Yes, those errors are occurred for a large number of documents and its tough
time for the user to restart the indexing again. Total documents count - 700000+
DM_OBJECT_E_LOAD_INVALID_STRING_LEN - 11147
DM_PLATFORM_E_INTEGER_CONVERSION_ERROR 21708
Im not sure whether the occurrences of these issues are common on the
documentum / due to improper documentum configuration/maintenance.

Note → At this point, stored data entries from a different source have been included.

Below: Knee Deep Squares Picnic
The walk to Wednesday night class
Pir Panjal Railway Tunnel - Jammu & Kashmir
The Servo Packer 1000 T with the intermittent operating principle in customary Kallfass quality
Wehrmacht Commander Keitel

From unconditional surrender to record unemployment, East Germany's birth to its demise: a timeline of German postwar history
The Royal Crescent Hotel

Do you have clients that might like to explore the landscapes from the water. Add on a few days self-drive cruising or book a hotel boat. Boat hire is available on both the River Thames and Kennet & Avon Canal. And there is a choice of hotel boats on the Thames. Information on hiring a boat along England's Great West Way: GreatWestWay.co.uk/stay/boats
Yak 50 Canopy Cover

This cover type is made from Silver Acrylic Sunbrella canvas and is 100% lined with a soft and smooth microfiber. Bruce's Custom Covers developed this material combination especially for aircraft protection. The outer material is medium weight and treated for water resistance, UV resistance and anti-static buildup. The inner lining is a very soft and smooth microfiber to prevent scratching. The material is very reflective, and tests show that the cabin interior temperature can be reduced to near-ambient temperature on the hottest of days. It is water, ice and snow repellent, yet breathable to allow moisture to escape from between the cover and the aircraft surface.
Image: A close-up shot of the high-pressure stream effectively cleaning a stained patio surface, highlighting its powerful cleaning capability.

We have
encountered those errors on a couple of the documentum instances of lower
environments (Not validated on production).

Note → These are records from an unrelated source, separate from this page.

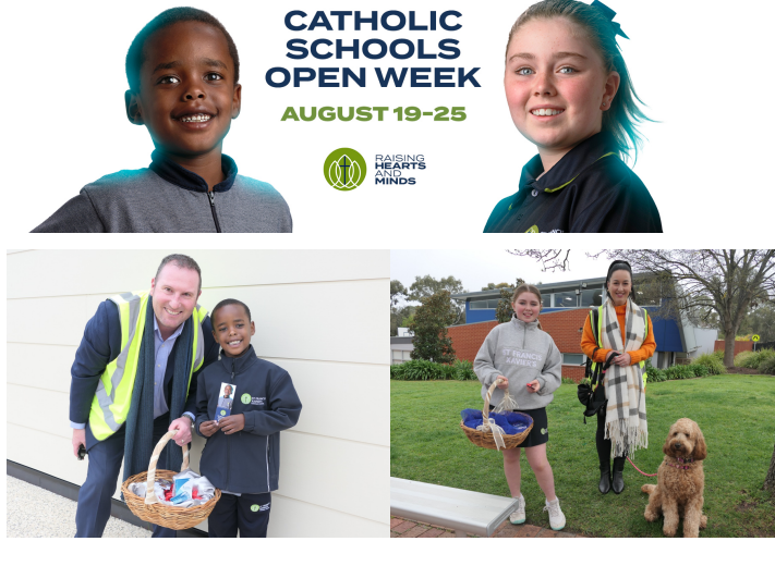
Student Representative Council

At our school we value the intrinsic worth of each child and we provide quality learning in a Catholic context. We pride ourselves on educational excellence, nurturing each student and teaching the children about values and being the best person they can be. Working in partnership with you to educate and nurture your child is what we care about and make happen every day. SFX is truly the place to be.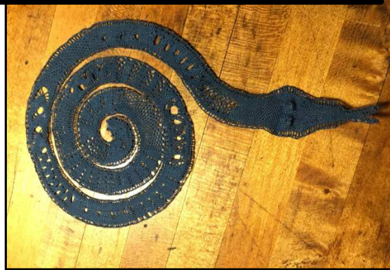
Above: Finished Snake, and here an alternative project.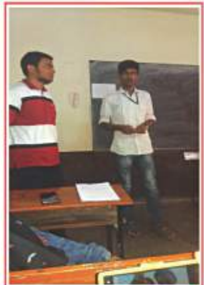
वाद-विवाद प्रतियोगिता में अपने विचार प्रस्तुत करते हुए विद्यार्थी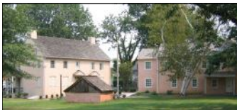
The Jenkins Historic Complex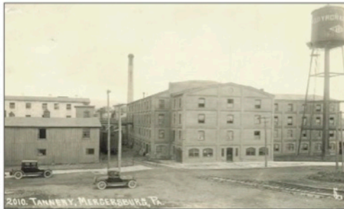
The Tannery contributed to Johnston Run pollution until the 1980's. The area has been in remediation since then.

The documentum repository errors DM_PLATFORM_E_INTEGER_CONVERSION_ERROR and
DM_OBJECT_E_LOAD_INVALID_STRING_LEN are of type DfException caused from the
getObjectByQualification method in the
org.apache.manifoldcf.crawler.common.DCTM.DocumentumImpl.

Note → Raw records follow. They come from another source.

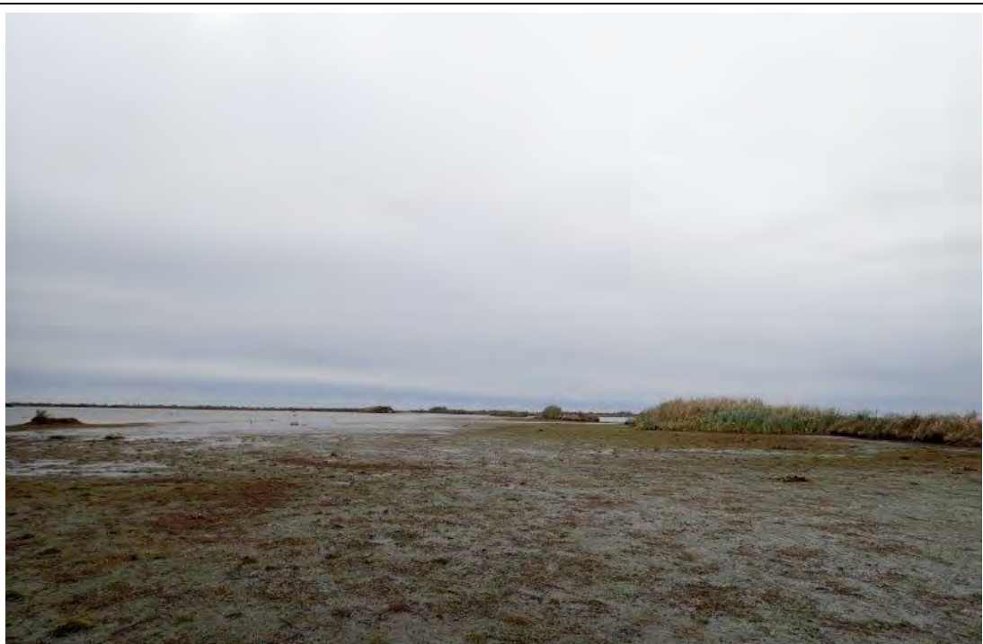
Photograph 60. View from West Access Channel Area 1 Facing South (29°38'16.52"N, 90°0'10.39"W)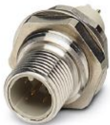
Sensor/Actuator flush-type plug, 5-pos., M12, A-coded, rear/screw mounting with Pg9 thread, with straight solder connection

Please be informed that the data shown in this PDF Document is generated from our Online Catalog. Please find the complete data in the user's documentation. Our General Terms of Use for Downloads are valid ( http://phoenixcontact.com/download )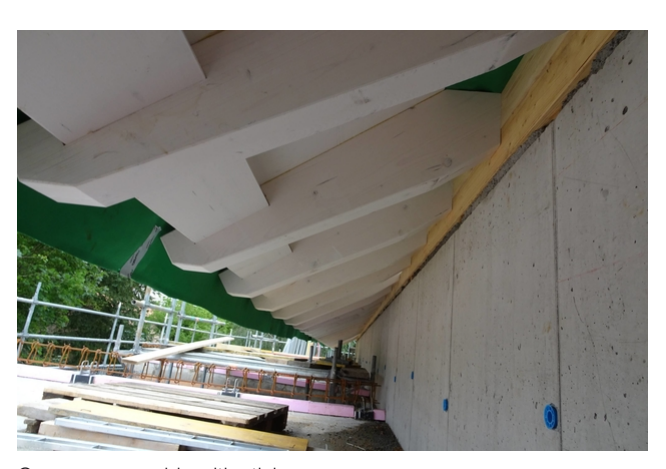
Canopy eaves side with sticher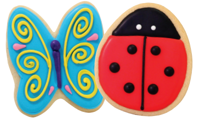
BUTTERFLY & LADYBUG Item Number: 13379 Available: Everyday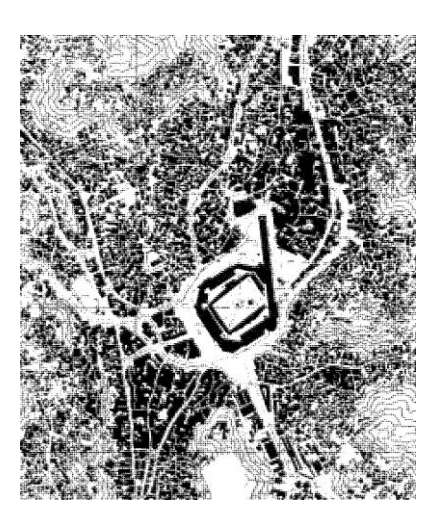
Figure 2. The major Extension of Haram in 1970.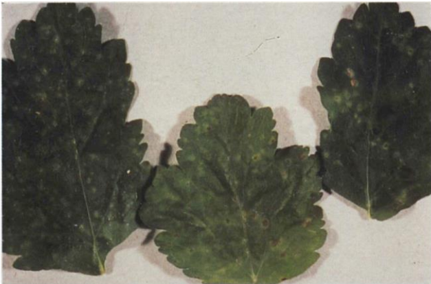
14.2c Itersonilia canker; brown necrotic foliar lesions surrounded by pale green halos.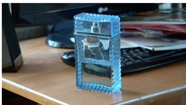
Robota, 2018 one channel video and sound installation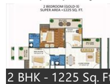
2 BHK - 1225 Sq. Ft.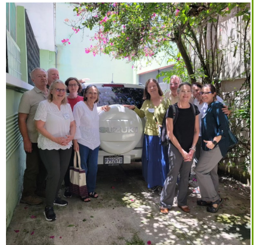
Our Guatemala travel group with the SUV

First, while visiting CEDEPCA's offices on the first full day, we took time to take a group picture by the sports utility vehicle that was purchased with a donation from our most recent capital campaign. One of CEDEPCA's programs is disaster assistance and risk assessment. After storms around the country, CEDEPCA staff were able to use the SUV to gain access to hard-to-reach communities, bringing aid, supplies, and support. This vehicle is being used today to help connect communities with the programs and resources of CEDEPCA.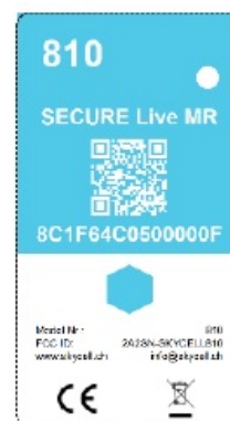
Figure 2: Secure MR Logger Label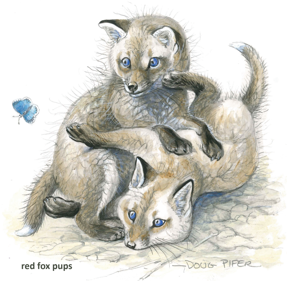
red fox pups

More and more people are accepting predators as valuable members of our natural world. Foxes are no exception. Their presence in Pennsylvania provides recreation and wildlife diversity, two important facets of any wildlife management program.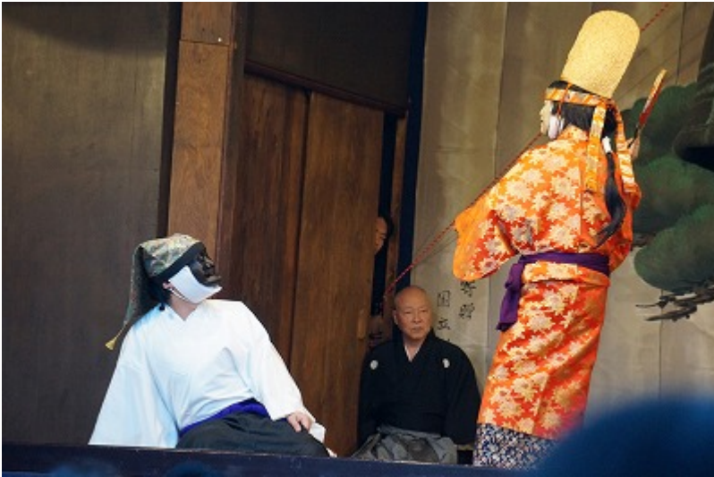
She began to dance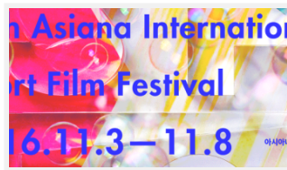
Winners of the Asiana International Short Film Festival 2016 In "News"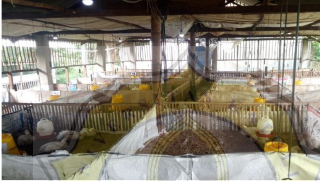
Lampiran 13. Kandang Ayam Broiler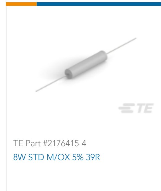
TE Part #2176415-4 8W STD M/OX 5% 39R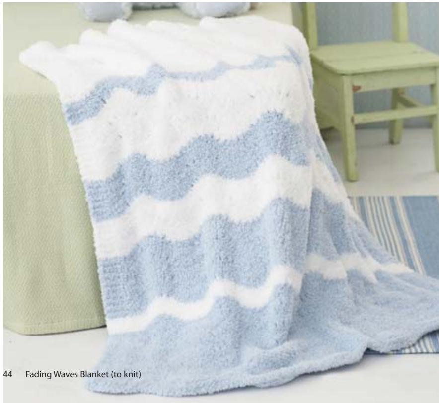
44 Fading Waves Blanket (to knit)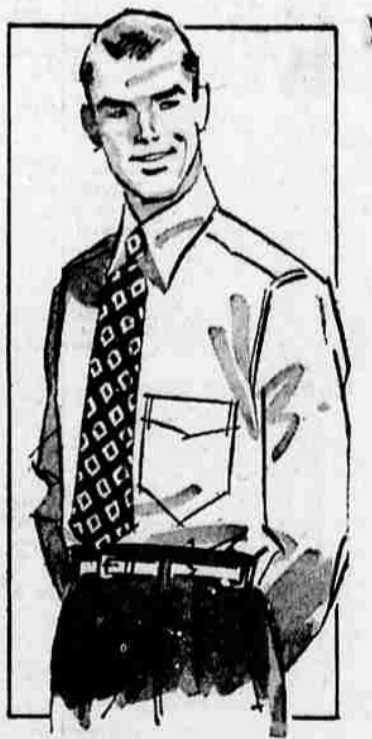
NEW SHIPMENT! Brent White Shirts

Fine count white broad-cloth shirts that are nationally known for wearability. Sanforized shrunk . . . all sizes for men.

We made a fix to print the error on the log(documentum server process) and
return null.
catch (DfException e)
{
e.printStackTrace();
return null;
//throw new DocumentumException("Documentum error: "+e.getMessage());
}
On the run() method of the ProcessDocumentThread inner class on the
org.apache.manifoldcf.crawler.connectors.DCTM.DCTM file, if did a null check
to continue with the document processing.
try
{
IDocumentumObject object = session.getObjectByQualification("dm_document where
i_chronicle_id='" + documentIdentifier +
"' and any r_version_label='CURRENT'");
if(object!=null) {
…
}
}
catch (Throwable e)
{
this.exception = e;
}
The [DM_SYSOBJECT_E_CONTENT_UNAVAILABLE_PARKED error occurs very rarely due to
the document uploaded is parked in interim BOCS and moved to Repository after a
shorter time.
If indexing happens on the gap, the properties will be accessible, but the
document content will not be available that causes the error. The fix is not
yet completed.
The code snippet that causes this error is shared below.
The run() method of the ProcessDocumentThread inner class on the
org.apache.manifoldcf.crawler.connectors.DCTM.DCTM
try
{
strFilePath = object.getFile(objFileTemp.getCanonicalPath());
}
catch (DocumentumException dfe)
{
// Fetch failed, so log it
activityStatus = "NOCONTENT";
activityMessage = dfe.getMessage();
if (dfe.getType() != DocumentumException.TYPE_NOTALLOWED)
throw dfe;
return;
}
The getFile method on the
org.apache.manifoldcf.crawler.common.DCTM.DocumentumObjectImpl
catch (DfException dfe)
{
// Can't decide what to do without looking at the exception text.
// This is crappy but it's the best we can manage, apparently.
String errorMessage = dfe.getMessage();
if (errorMessage.indexOf("[DM_CONTENT_E_CANT_START_PULL]") == -1)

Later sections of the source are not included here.